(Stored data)
---+---

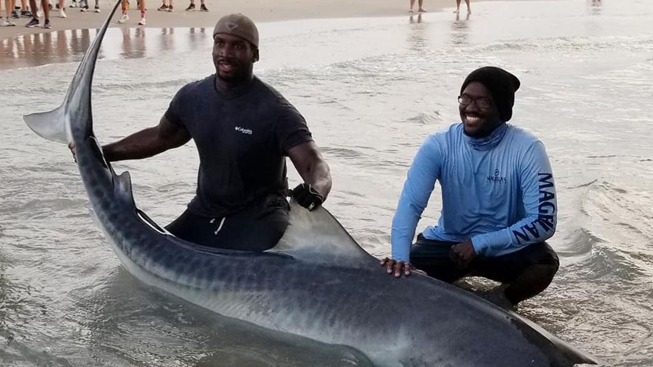 According to the post, after "two uneventful nights on the pier," Andrew was in "disbelief" on Sunday morning as he saw 200 yards of his line “taken effortlessly” by an unknown creature, the Chronicle reported. After more than 30 minutes of struggle, the Seaborns and their pal Allen Glen reeled in the majestic tiger shark.
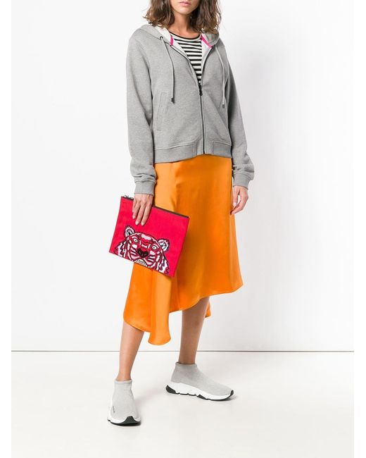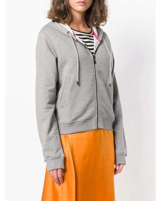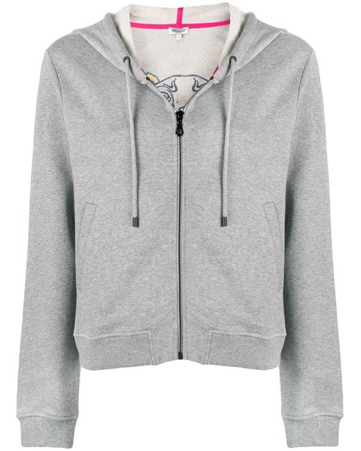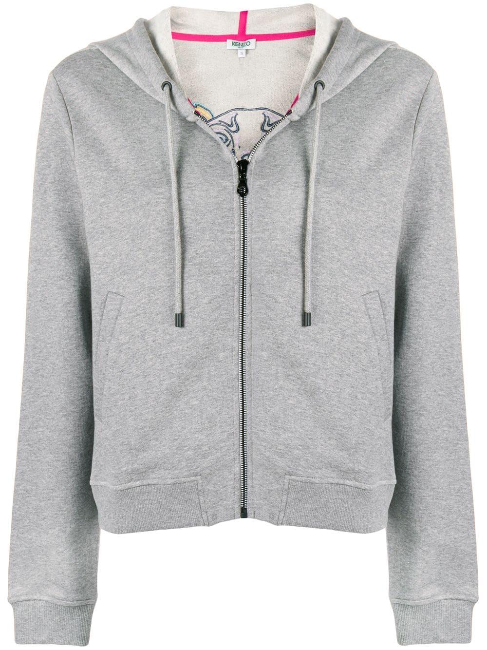 Felpa con cappuccio di colore grigio in cotone di Kenzo. Modello con cappuccio con cordoncino, chiusura con zip frontale, tasche a canguro, manica lunga, orlo e polsini a coste e logo applicato sul lato posteriore. Colore: grigio
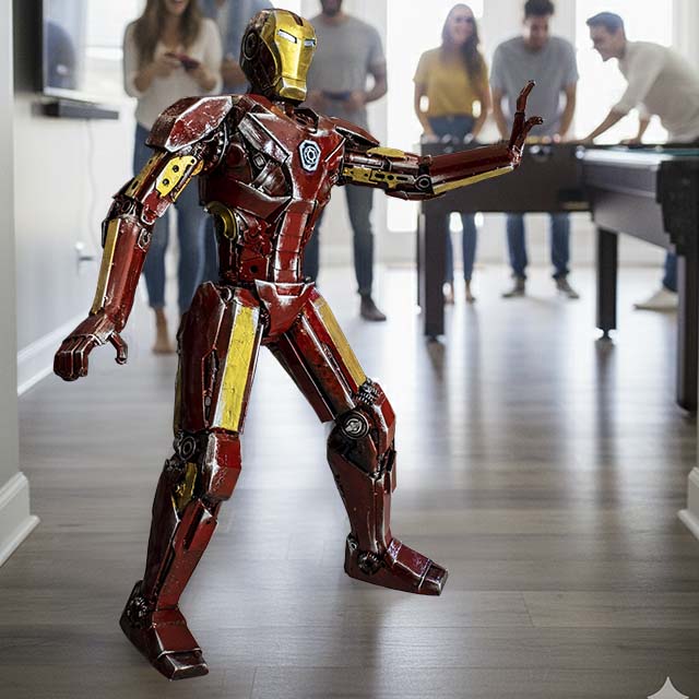 Make a bold statement with this Ironman-inspired metal art sculpture, a striking fusion of industrial craftsmanship and contemporary design. Crafted from metal with intricate detailing, this powerful figure captures the spirit of innovation, strength, and modern engineering.
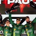 El Aston Martin se deshizo metódicamente de los rezagados y luego redujo la ventaja del auto germano imponiendo la vuelta más rápida de su carrera, para estar en los escapes del #48 faltando menos de 10 minutos por correr. Thiim presionó e intentó pasar a Auer en la recta, pero no funcionó en su primer intento, pero a la siguiente vuelta atacó con más furia y Auer se pasó un poco en su frenada y se abrió, lo que el danés aprovecho para meter la trompa del Vantage y tomar el mando al final de la recta entrando a la famosa curva de Signes. En las cuatro vueltas restantes el danés amplió su ventaja a ocho décimas y cruzó la meta vencedor para darle su primer triunfo a la marca británica desde 2024 El podio lo completó Benajmin Goethe a bordd de un McLaren 720S del equipo Garage 59 marcado con el #58 siendo el ganador de la batalla contra otro McLaren del mismo equipo y el BMW #32 de Sean Gelael, el cual acabó cuarto.
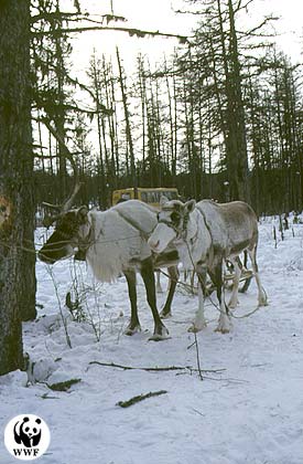 Ездовые олени. Стойбище эвенкийских оленеводов. Община Тяня. Резерват -ВВФ-Саха. Якутия.
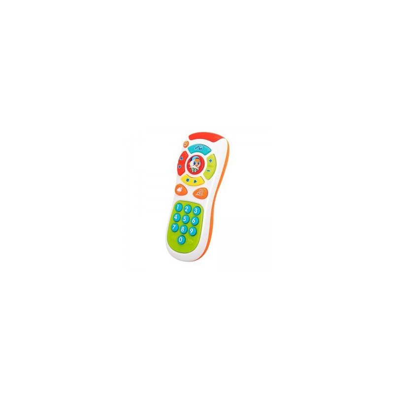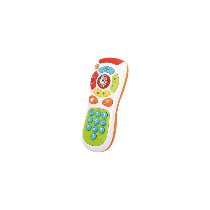 Este es nuestro Mando Interactivo Infantil. Es de color blanco, azul, verde, naranja, rojo y amarillo. Con él, tu peque podrá escuchar diferentes sonidos, darle más o menos volumen, aprender los números, música, ¡y muchas cosas más!. Este Mando interactivo ayudará a que desarrolle su sentido auditivo al mismo tiempo que aprende y se divierte. Pilas no incluidas.

---+---

» What this task involves:
Retype the data above exactly, dropping every picture.

» Answer space:
 According to the post, after "two uneventful nights on the pier," Andrew was in "disbelief" on Sunday morning as he saw 200 yards of his line “taken effortlessly” by an unknown creature, the Chronicle reported. After more than 30 minutes of struggle, the Seaborns and their pal Allen Glen reeled in the majestic tiger shark.
 Felpa con cappuccio di colore grigio in cotone di Kenzo. Modello con cappuccio con cordoncino, chiusura con zip frontale, tasche a canguro, manica lunga, orlo e polsini a coste e logo applicato sul lato posteriore. Colore: grigio
 Make a bold statement with this Ironman-inspired metal art sculpture, a striking fusion of industrial craftsmanship and contemporary design. Crafted from metal with intricate detailing, this powerful figure captures the spirit of innovation, strength, and modern engineering.
 El Aston Martin se deshizo metódicamente de los rezagados y luego redujo la ventaja del auto germano imponiendo la vuelta más rápida de su carrera, para estar en los escapes del #48 faltando menos de 10 minutos por correr. Thiim presionó e intentó pasar a Auer en la recta, pero no funcionó en su primer intento, pero a la siguiente vuelta atacó con más furia y Auer se pasó un poco en su frenada y se abrió, lo que el danés aprovecho para meter la trompa del Vantage y tomar el mando al final de la recta entrando a la famosa curva de Signes. En las cuatro vueltas restantes el danés amplió su ventaja a ocho décimas y cruzó la meta vencedor para darle su primer triunfo a la marca británica desde 2024 El podio lo completó Benajmin Goethe a bordd de un McLaren 720S del equipo Garage 59 marcado con el #58 siendo el ganador de la batalla contra otro McLaren del mismo equipo y el BMW #32 de Sean Gelael, el cual acabó cuarto.
 Ездовые олени. Стойбище эвенкийских оленеводов. Община Тяня. Резерват -ВВФ-Саха. Якутия.
 Este es nuestro Mando Interactivo Infantil. Es de color blanco, azul, verde, naranja, rojo y amarillo. Con él, tu peque podrá escuchar diferentes sonidos, darle más o menos volumen, aprender los números, música, ¡y muchas cosas más!. Este Mando interactivo ayudará a que desarrolle su sentido auditivo al mismo tiempo que aprende y se divierte. Pilas no incluidas.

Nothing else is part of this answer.